After a national uproar over Indiana’s Religious Freedom Restoration Act, the state’s Governor Mike Pence is attempting to clear up his view on the Senate Bill. In a press conference, Pence said, “If this law had been about discrimination, I would have vetoed it.”

Why is this act causing so much controversy? Taking effect on July 1st, 2015, the Senate Bill 101 prohibits a governmental entity from substantially burdening a person’s exercise of religion, even if the burden results from a rule of general applicability. It prohibits an applicant, employee, or former employee from pursuing certain causes of action against a private employer.

Essentially, and according to Pence, the act is meant to protect free exercise of religion. Say someone is fired from their job and they believe their termination was due to their sexual orientation, race, etc.; the employee would not be able to take action against the company. 
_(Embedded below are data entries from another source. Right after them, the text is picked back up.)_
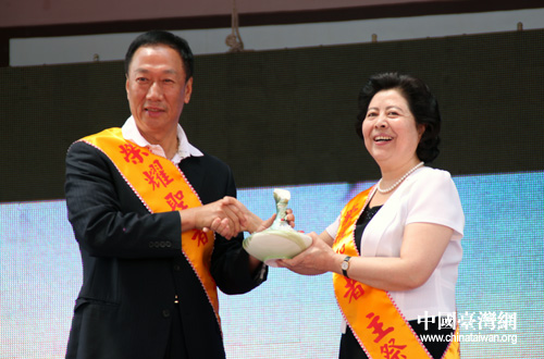 中共山西省委常委、宣传部部长胡苏平与郭台铭互赠礼物。(中国台湾网 李典典 摄)
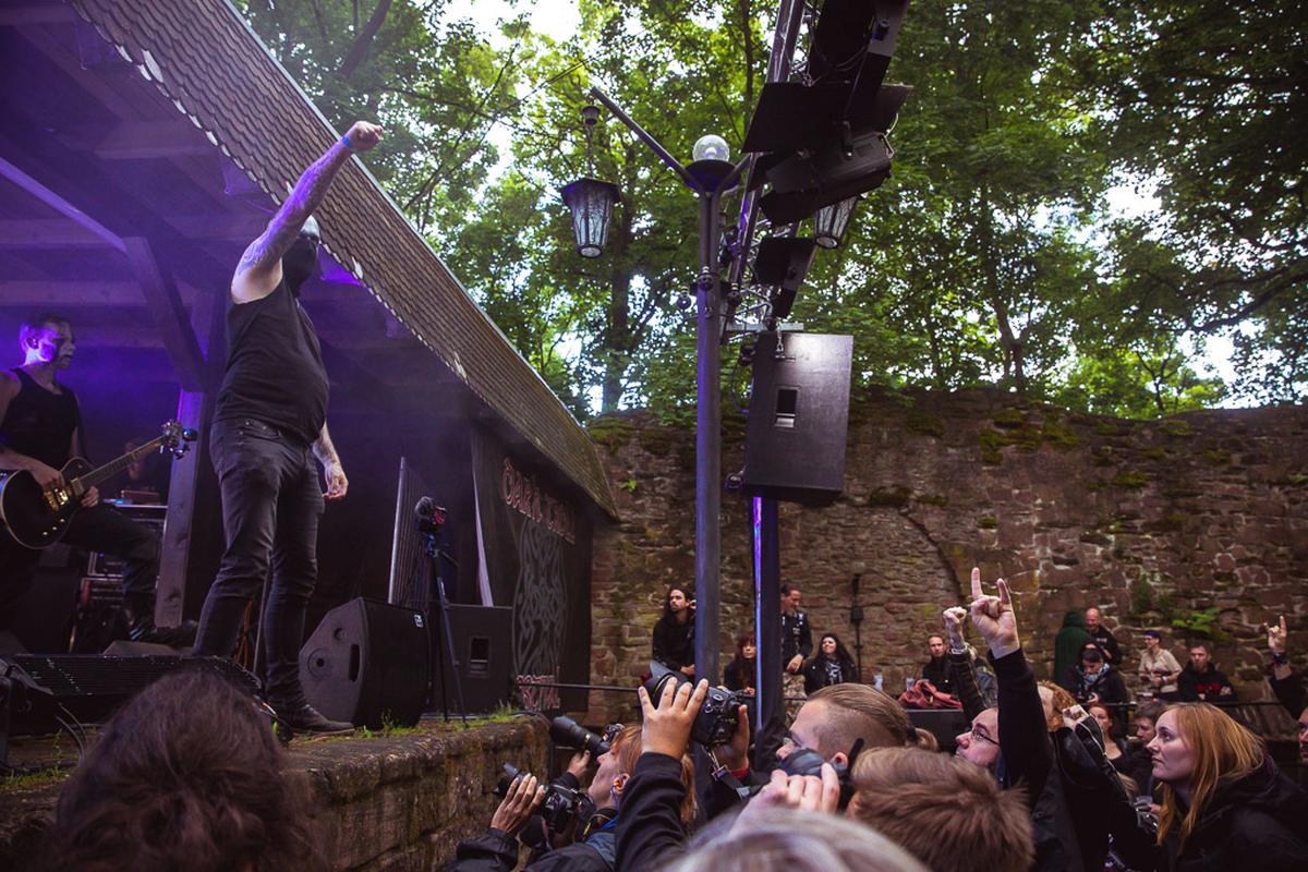 Nach der heutigen Pagan-Keule wird es jetzt wieder etwas ruhiger und geerdeter mit Äera. Die Band holt die Zuhörer mit ihrer Musik zurück auf den Boden der Tatsache und direkt in den dichten Wald, der rund um die Burg wuchert. Ähnlich wie Can Bardd bietet Äera eine Musik mit Tiefgang, nur finde ich, die Musik hat ein paar harte Black Metal-Kanten mehr im Klang. Das tut der Musik auch sehr gut und gibt ihr eine gute Abwechslung, auch innerhalb der überlangen Stücke. Ein guter Auftakt für das eher ruhigere Mittelfeld am Freitag.
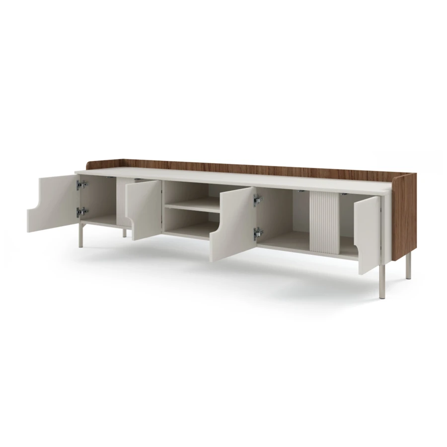 Dvířka jsou zdobeny originálními průřezy, které odhalují rafinované vertikální frézování.
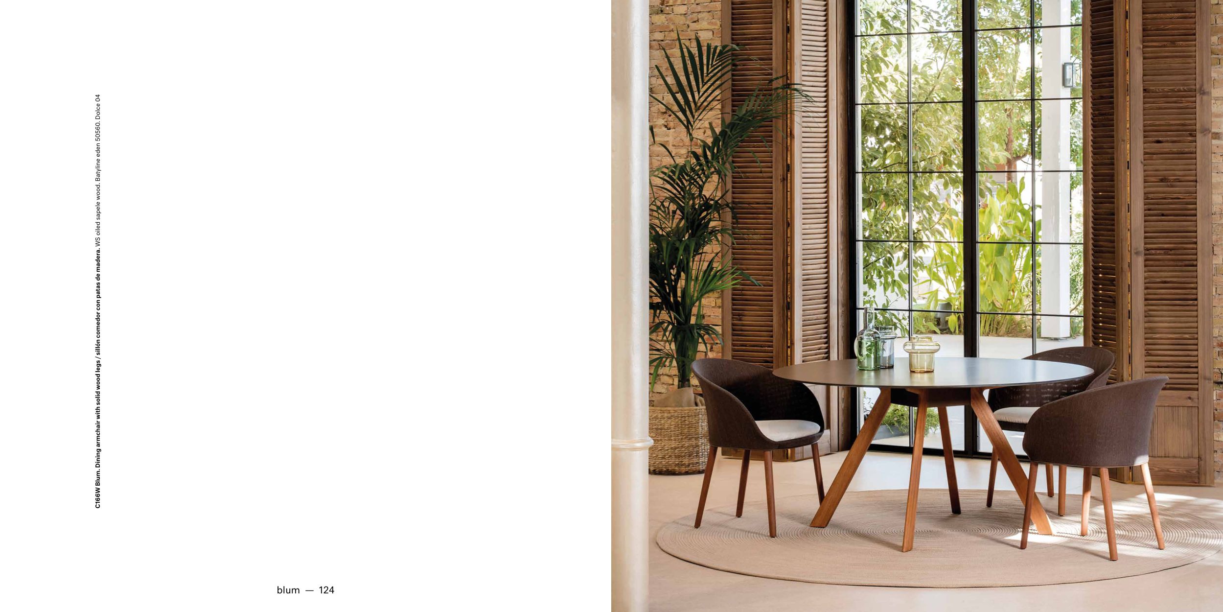 C166W Blum. Dining armchair with solid wood legs / sillón comedor con patas de madera. WS oiled sapele wood. Batyline eden 50560. Dolce 04
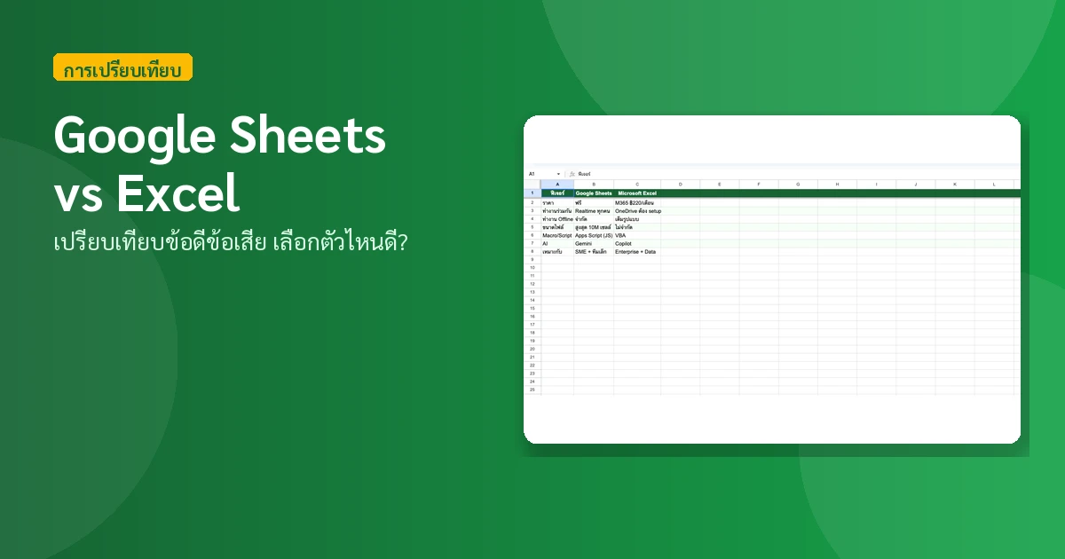 สรุป: ถ้าไม่มี license Excel อยู่แล้ว → Google Sheets เริ่มต้นง่ายกว่าเพราะฟรี
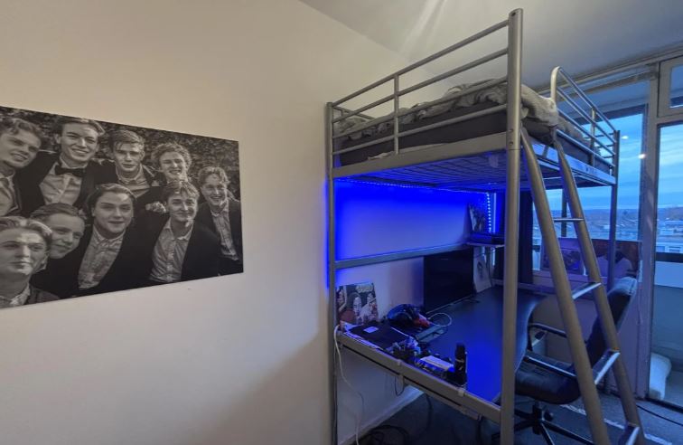 Eén van de vier kamers ligt op de begane grond.Eerste verdieping appartement: Via het trappenhuis kom je op de eerste verdieping van het appartement. Hier bevinden zich drie van vier kamers, waaronder de beschikbare kamer. Via de beschikbare kamer is er toegang tot het balkon, dat gedeeld wordt met één andere huisgenoot. Via de hal is er toegang tot de badkamer.
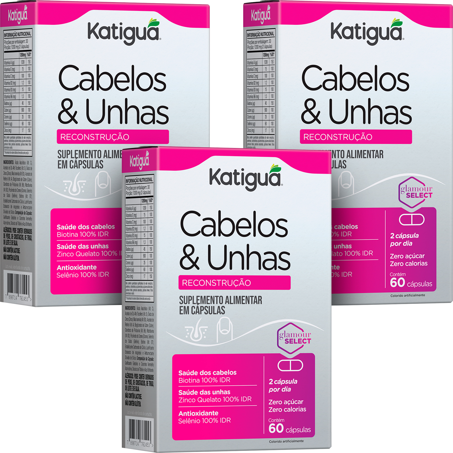 O suplemento Cabelos e Unhas Reconstrução da Katiguá é formulado para fortalecer e revitalizar cabelos e unhas, promovendo crescimento saudável, resistência e brilho. Cada embalagem contém 60 cápsulas, desenvolvidas com uma combinação de vitaminas, minerais e nutrientes essenciais que atuam de forma sinérgica na reconstrução da estrutura capilar e na melhora da firmeza das unhas.
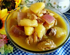 鸡腿肉要用开水焯下,去除血腥,放适量的咖喱粉,有点微辣,开胃,还能去除血腥!喜欢吃辣的还有喜欢吃香菇的可以加点辣椒和香菇哦,口味肯定棒棒的!
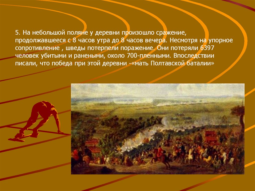 5. На небольшой поляне у деревни произошло сражение,продолжавшееся с 8 часов утра до 8 часов вечера. Несмотря на упорное

Many organizations have spoken out against the act. Mark Emmert, NCAA President said in a statement, “We are especially concerned about how this legislation could affect our student-athletes and employees. We will work diligently to assure student-athletes competing in, and visitors attending, next week’s Men’s Final Four in Indianapolis are not impacted negatively by this bill. Moving forward, we intend to closely examine the implications of this bill and how it might affect future events as well as our workforce.”

On Monday, Indianapolis Mayor Greg Ballard and the City-County Council on Monday called on the Indiana General Assembly to either repeal the Religious Freedom Restoration Act or add explicit protections for sexual orientation and gender identity in state law.